A qualitative content analysis was conducted on the transcripts. Prior to analysis, team members received training conducted by a member of the research team (ER) who has extensive knowledge on qualitative data analysis. Transcripts were then imported into Dedoose for analysis. The initial two transcripts were read through once carefully to identify codes (sections of text expressing a similar concept) that were generated from participant responses and the topics of the interview guide (Rothwell, Ellington, Planalp, & Crouch, 2012). Next, the coding template was applied to transcripts, and additional codes were added as needed.

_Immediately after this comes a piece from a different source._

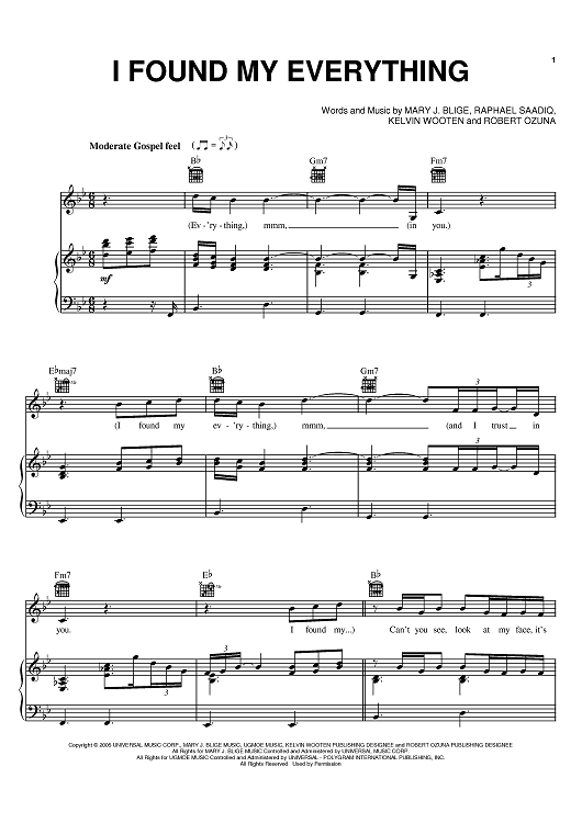 Digital Sheet Music for I Found My Everything by Mary J. Blige, Robert Ozuna, Raphael Saadiq, Kelvin Wooten scored for Piano/Vocal/Chords; id:395051

Throughout the data analysis process, team meetings were conducted to review the coding and ensure accuracy of the coding template. The codes were then grouped into larger descriptive categories based on similarity of the data. We then returned to the transcripts and recontextualized the data for development of categories (Miles, Huberman, & Saldaña, 2014). Reviewing and recontextualizing the data was the most significant and time-consuming aspect of the analysis (Morgan, 2010). The researchers also used the approach of reflexivity during the data analysis to limit personal bias into the interpretation (Baillie, 2015).
3 RESULTS
For the purpose of this paper, we chose to use the general term ‘secondary findings’ for terms related to any unanticipated, incidental, or discovery findings from the results of genetic testing for diagnostic or management purposes. A total of 21 genetic counselors who represented 56 different return of secondary findings were interviewed. Demographic data on participants are summarized in Table 2. Characteristics of SFs and return practices are outlined in Table 3. The results are organized into four major categories, which include (a) reliance on pretest counseling when returning SFs, (b) how primary test results influenced the level of importance placed on the SFs, (c) patients' two-stage emotional reactions to receiving SFs, and (d) how the return of SFs changed the way genetic counselors offered pretest counseling.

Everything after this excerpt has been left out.